Some time later a storm overtook a boat near the coast of Naxos, a boat that happened to be carrying Korianos. He was the only survivor to make it out of the boat because a dolphin found him and carried him to land. When Korianos died, smoke from his funeral pyre wafted across the shoreline where a group of dolphins arrived with their heads above water to join the mourners in the ceremony. When the smoke dissipated, so, too, did the dolphins disappear never to be seen again.
Similar stories can be found throughout history. Alexander the Great, Pliny, Cicero, Hesiod all tell of the remarkable kinship humans have with dolphins and the uncanny awareness of the cetacean mind. Cuvier the French scientist acknowledged that, “for the Greeks, they were in certain cases almost sacred beings and sometimes messengers of the gods: Apollo too took the form of a dolphin. As soon as our fishermen see one, they hurry to harpoon him and put him to death. When dolphins were met by the sailors of old, they were respected as harbingers of good fortune, and it was almost a sacrilege to kill them.”

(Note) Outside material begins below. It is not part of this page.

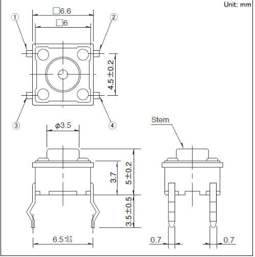 6.6x6.6x5mm 6.6mm方型(按入式) 具有敏感的操作触感, 通用性杰出的简易防尘型。

Photo credit: Cyril Christo and Marie Wilkinson
And yet in our time the cetaceans languish. We with factory ships and fishing vessels are raping the oceans and now plan to wreak havoc on mineral deposits beneath the seas. As if mining on land were not enough. What on Earth will be left in 20 years’ time? The smallest, perhaps most exquisite cetacean on earth, the vaquita, 3 feet long with a black circle that rings its eyes, could vanish forever any day now. I once asked fishermen in the Sea of Cortez if they had seen any and they all answered in the negative. Not long ago we lost the Baiji River dolphin in China, due to habitat loss and poisons in the Chinese river system. Our time will be defined by how many of the great beings can survive the century, for as the whales and dolphins go, so, too, will the seven seas.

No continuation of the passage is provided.